リフォームで2000万円かけたらどこまでできる?費用内訳と施工事例【2026年】
更新
目次
2000万円の予算があれば、25坪前後の戸建て住宅をほぼすべての箇所でリフォームできます。内装・外装・水回り・間取り変更を一度にまとめて工事する、フルリフォームが実現できる金額です。

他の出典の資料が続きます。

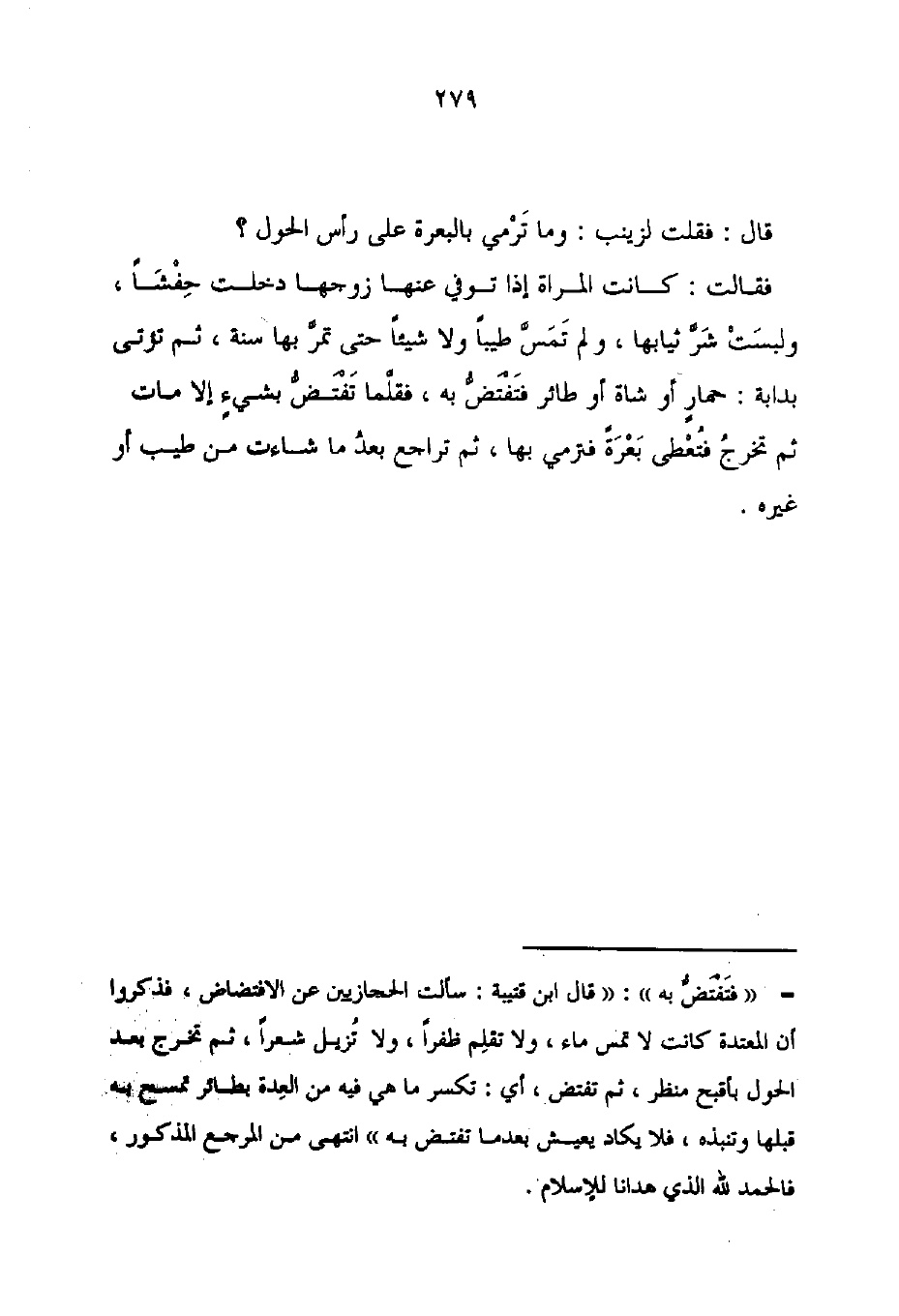 فقالت: كانت المرأة إذا توفي عنها زوجها دخلت حِفْشًا، ولبسَتْ شَرَّ ثيابها، ولم تَمَسَّ طيبًا ولا شيئًا حتى تمرَّ بها سنة، ثم تؤتى بدابة: حمارٍ أو شاة أو طائر فتَفْتَضُّ به، فقلَّما تَفْتَضُّ بشئٍ إلا مات ثم تخرجُ فتُعْطى بَعْرَةً فترمي بها، ثم تراجع بعدُ ما شاءت من طيب أو غيره.
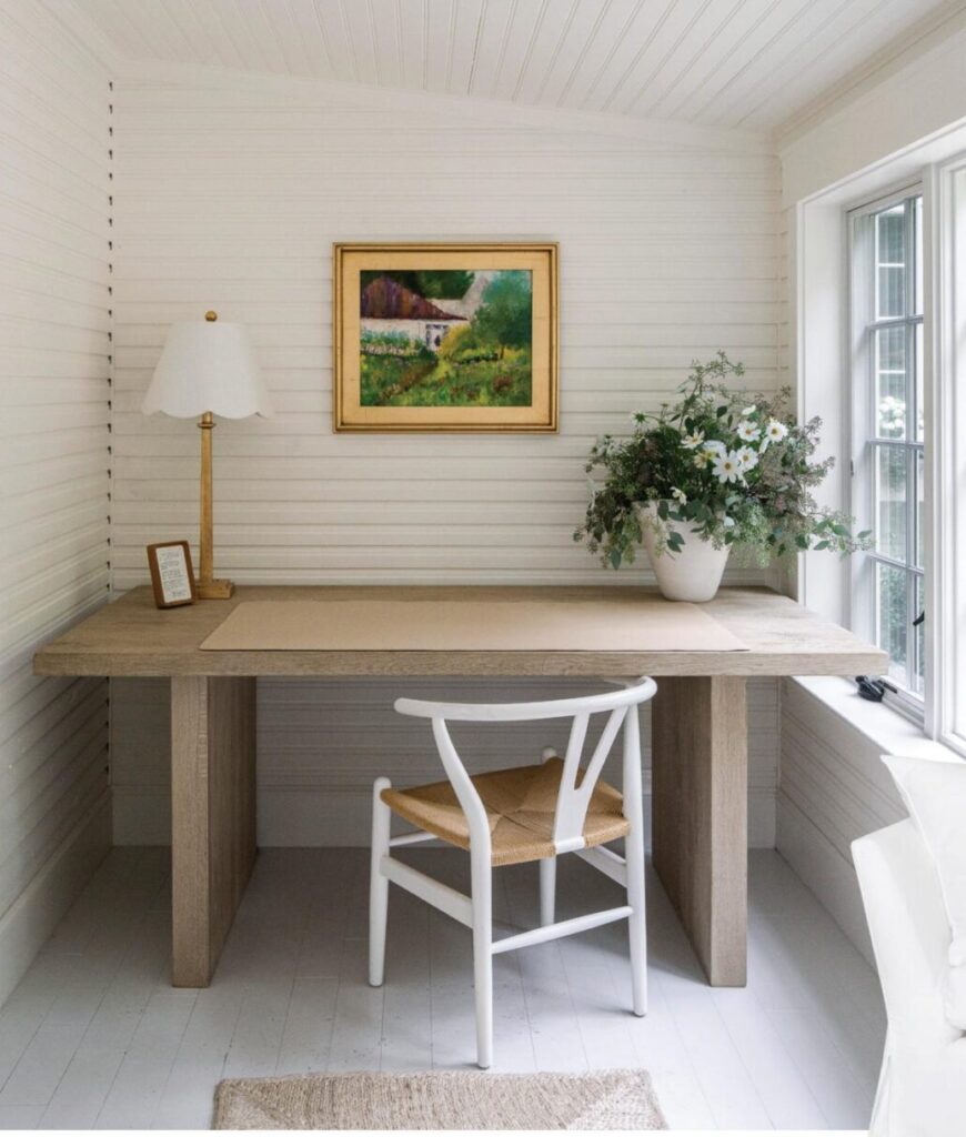 A simple at-home office, is accented by custom-routered siding that was manufactured to emulate the original siding exterior…

費用の内訳・施工事例・コスト削減のコツを、順番に確認していきます。
2000万円でできるリフォームの内容
2000万円で対応できる工事の種類をまとめました。
内装のフルリフォーム
壁紙・床材の張り替えから、和室を洋室に変更する工事まで対応できます。押し入れをウォークインクローゼットに変えるなど、収納の見直しも可能です。築30年以上の住宅では内装の老朽化が進んでいることが多く、全居室をまとめて入れ替えられます。
外装のフルリフォーム
外壁の塗装・張り替えや屋根の葺き替えが対象です。外壁の防水・断熱機能が上がり、家の寿命も延びます。外壁の下地から補強するスケルトン工法を選べば、より高い耐久性を確保できます。
水回りのリフォーム
キッチン・浴室・洗面台・トイレを一括でリフォームできます。配管の入れ替えを含む場合でも、2000万円の範囲内に収まるケースが多いです。最新設備に替えれば、水道代・光熱費の削減にもつながります。
間取り変更
壁を撤去して広いリビングをつくったり、和室と隣の部屋を統合したりする工事も対応できます。床面積25坪程度であれば、ほぼ希望どおりの間取りに変更できます。
スケルトンリフォーム(骨組みだけ残す全面工事)
構造躯体だけを残してすべて解体し、内外装を一から作り直す工事です。築年数が古い住宅でも、耐震補強・断熱改修を含めた大規模な改修が可能になります。25坪以内の戸建てであれば、2000万円前後でスケルトンリフォームを実施できるケースがあります。
2000万円のリフォーム費用の内訳
フルリフォームの費用目安を、工事種類別に表にまとめました。建物の規模・築年数・状態によって変わります。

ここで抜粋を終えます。